00:24:56.679 My main challenge was to instruct the model to handle XML structures accurately. I had to create very precise prompts to ensure it only returns XML.
00:25:12.919 I found that if I instructed it to translate XML from English to French without additional constraints, it sometimes responded inaccurately. I had to create a robust prompt indicating that the return must only be the translated XML.
00:26:19.920 Also, I want to discuss the idea of a glossary file. A glossary file is essentially a dictionary provided by the user for specific translations, sometimes following a limited format.
00:27:14.000 The approach I have in mind is to substitute text in the document with user-provided alternatives before sending it for translation.
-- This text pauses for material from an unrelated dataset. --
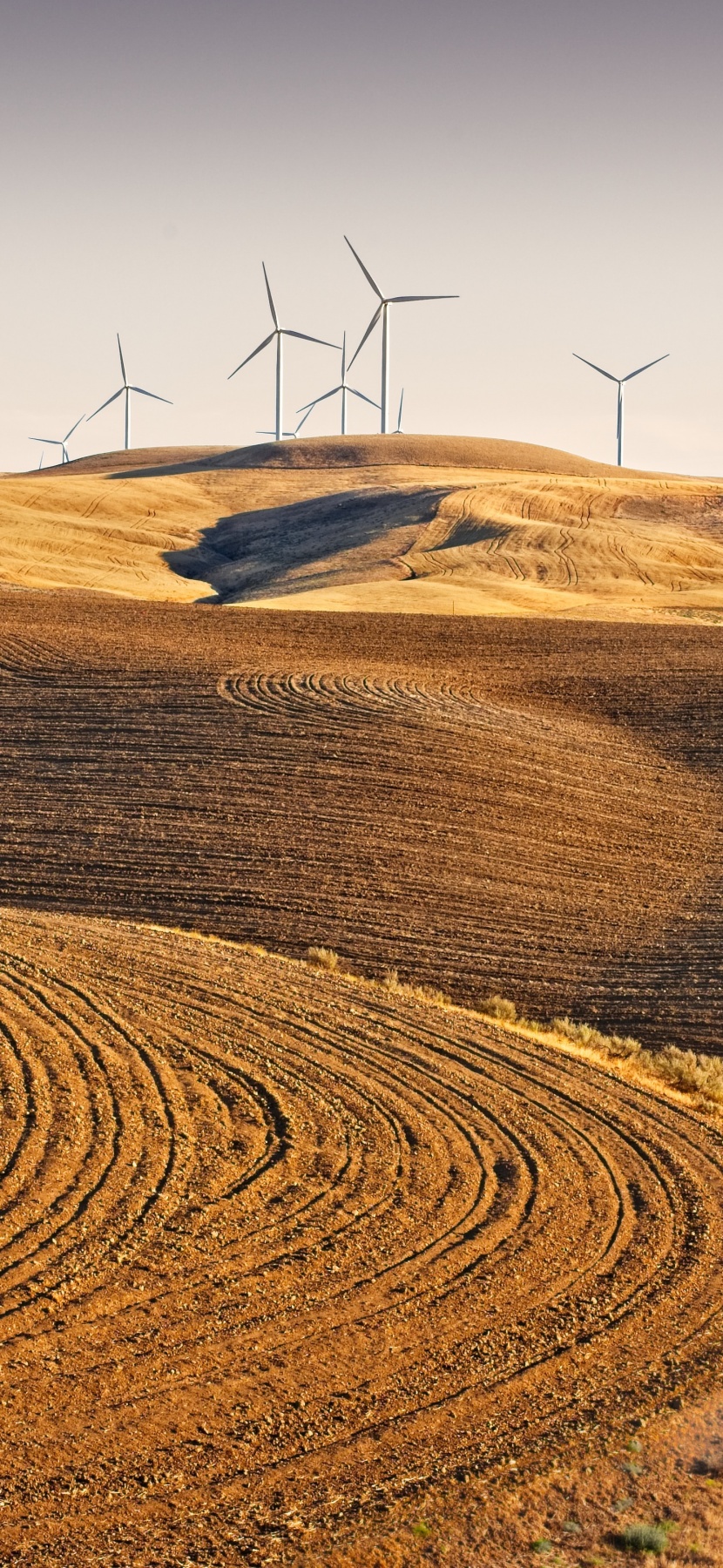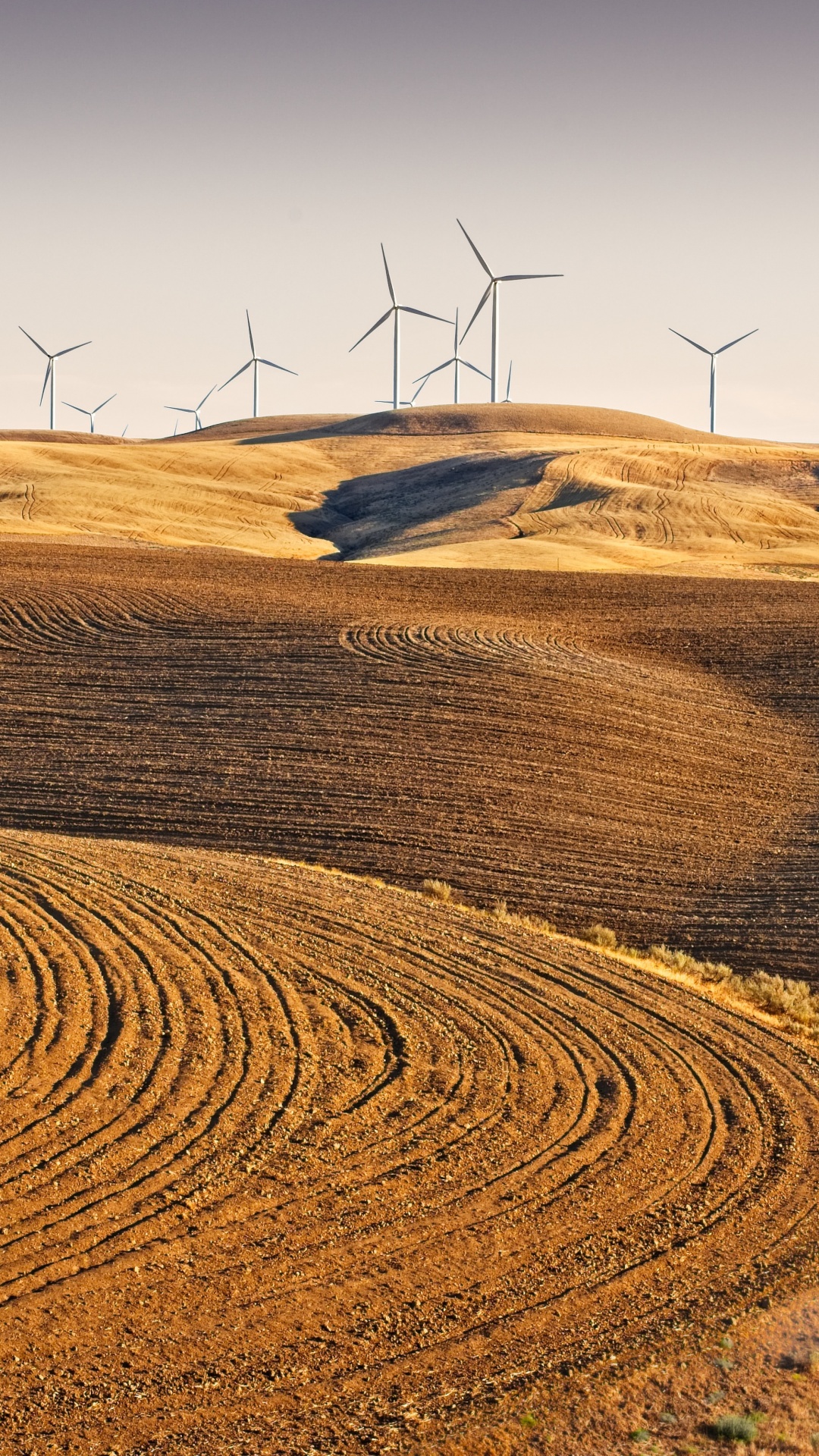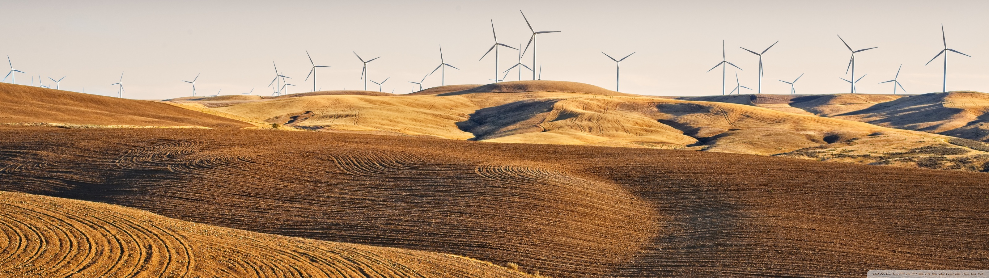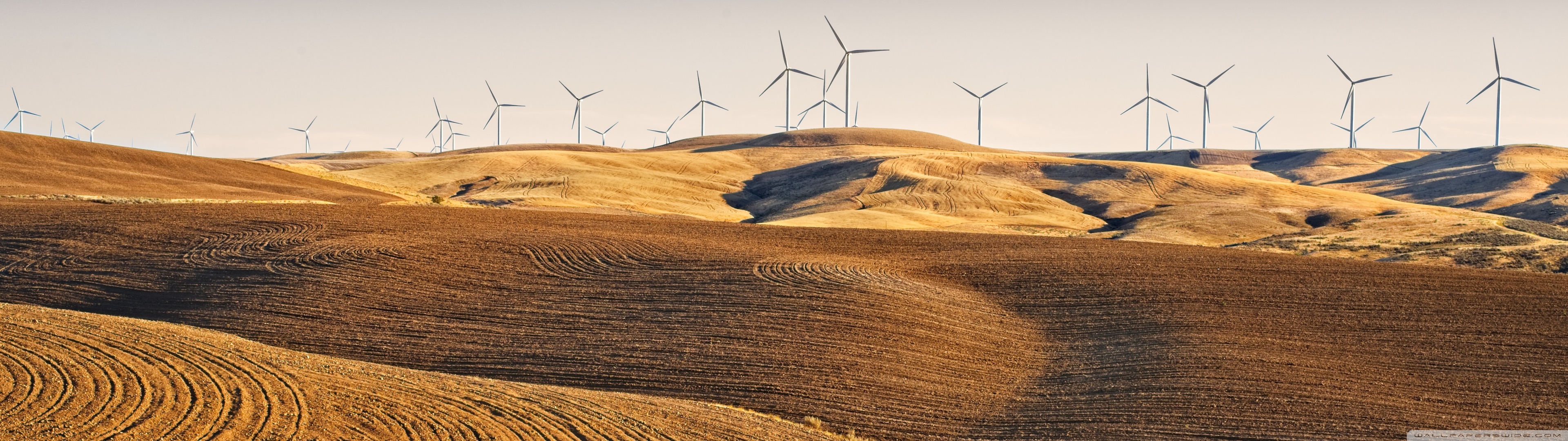 Download Plowed Fields and Wind Turbines 4K UHD Wallpaper

00:27:55.919 This allows me to manage what portions I want to translate effectively. However, note that this method becomes tricky with models that don't have nice handling for exclusions, such as skipping certain texts.
00:28:48.160 Another issue I've noted is integration with large models like GPT-4 for complex translation tasks. While I'm still employing version 3.5, it has its limitations and does not always read the previous context, leading to potentially inaccurate translations.
00:29:48.200 To provide a solution for this, I plan to implement a more contextual architecture to integrate better with prior text structures.
00:30:40.000 In the concluding part, I want to borrow some ideas from Java's Option Data Library. They have excellent functionality for combining translations side by side.
00:32:45.919 As for EPUB processing, I evaluated various libraries and considered their current maintenance status. For XML processing, I believe the main libraries to focus on are Nokogiri and REXML.
00:33:19.000 I chose certain paths for managing dependencies while ensuring functionality across platforms, which informs my decision-making.
00:34:14.560 To conclude my talk, I’d like to focus on my future plans, including support for alternative models and addressing integration challenges.
00:34:56.040 I appreciate your attention, and if you have any questions or thoughts, please feel free to ask!
00:35:41.560 Thank you! Does anyone have questions for Mark?
00:36:07.000 Participant: For the Gem to work properly, does the source material need to be in a specific format? Mark: Yes, it requires a proper structure. It only supports text-based formats, not images.
00:37:07.760 Mark responds to other audience inquiries. Thank you for your participation. We are now moving to take a tea break and will reconvene before 3:30 PM.